Persidangan dengan agenda pemeriksaan saksi-saksi ini pun kembali diberlangsungkan melalui sambungan virtual.
Dua terdakwa ini, Aditya Maharani dan Deki Aryanto mengikuti persidangan melalui Rumah Tahanan KPK di Jakarta. Keduanya telah didakwa memberi suap kepada Bupati Kutim nonaktif Ismunandar, sebagai rekanan swasta Pemkab Kutim.
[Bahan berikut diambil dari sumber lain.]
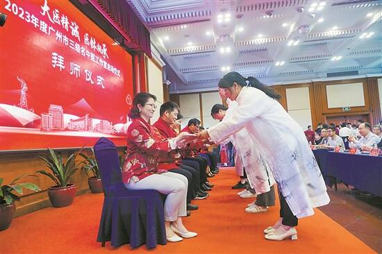 活动现场举办了拜师仪式,40名学员领读拜师帖、为导师奉茶。据介绍,建设工作室的名中医们将通过讲座、研究指导、出诊等方式,为基层社区医疗中心提供支持,并培养基层中医药人才,提高广州基层医疗机构的中医药服务能力。
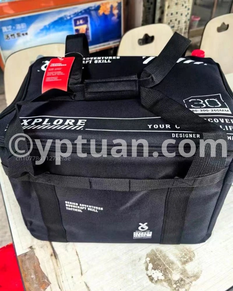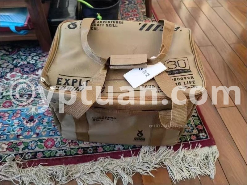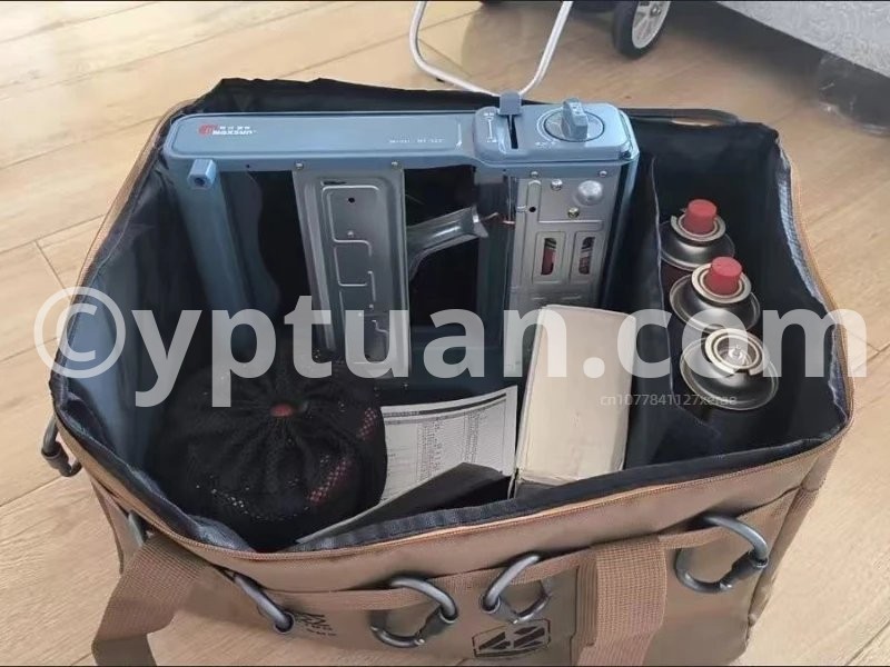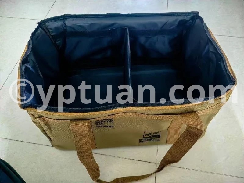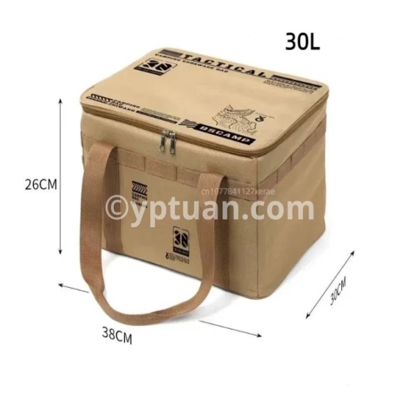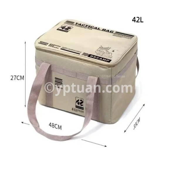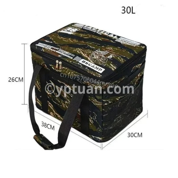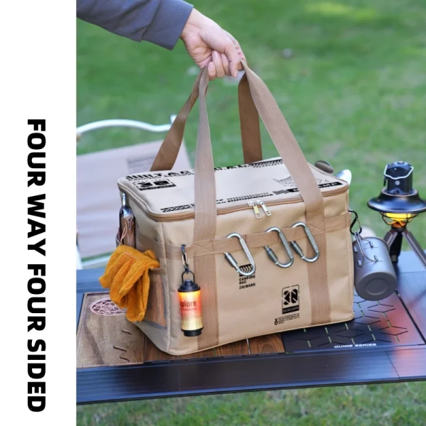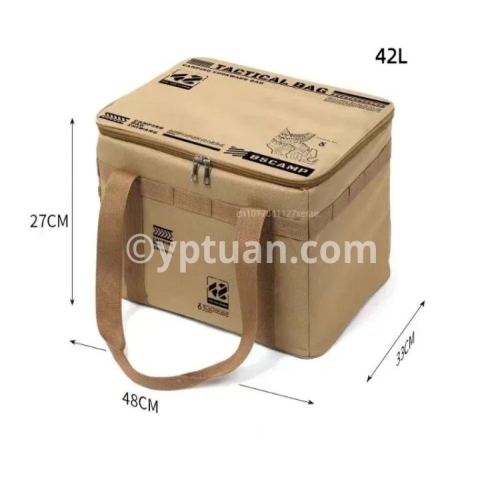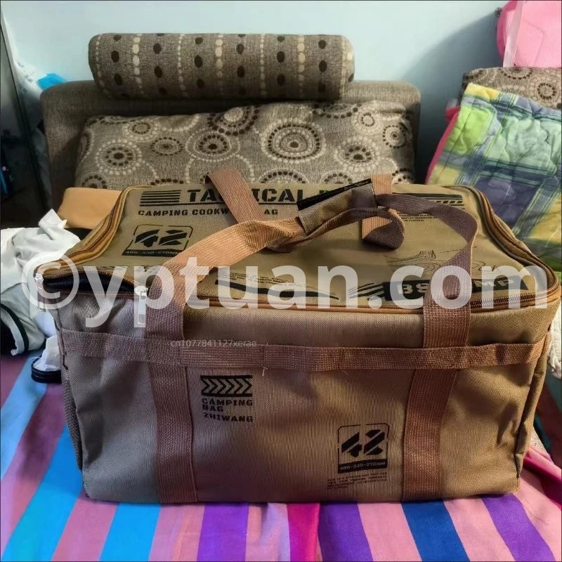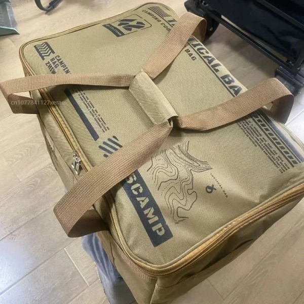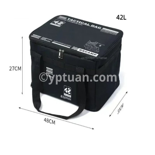 A large-capacity tactical storage bag suitable for camping outdoors, used for storing cooking utensils and tableware

Di dalam ruang sidang PN Tipikor Samarinda, hanya dihadiri oleh Agung Sulistiyono sebagai ketua Majelis Hakim, dengan didampingi Joni Kondolele dan Ukar Priyambodo selaku hakim anggota.
Sejak kembali dilanjutkannya persidangan, Agung Sulistiyono langsung melemparkan sejumlah pertanyaan kepada Irawansyah yang menjabat sebagai Sekda, sekaligus Ketua Tim Anggaran Pemerintah Daerah (TAPD) di Pemkab Kutim.
Pada jadwal sidang Senin kemarin sebelum ditunda, sempat diketahui Irawansyah memberikan penjelasannya terkait peran dan tugas sebagai Ketua TAPD. Agar dapat menyampaikan proses tahap masuknya dana Pokok Pikiran (Pokir) DPRD Kutim ke dalam anggaran pendapatan dan belanja daerah (APBD).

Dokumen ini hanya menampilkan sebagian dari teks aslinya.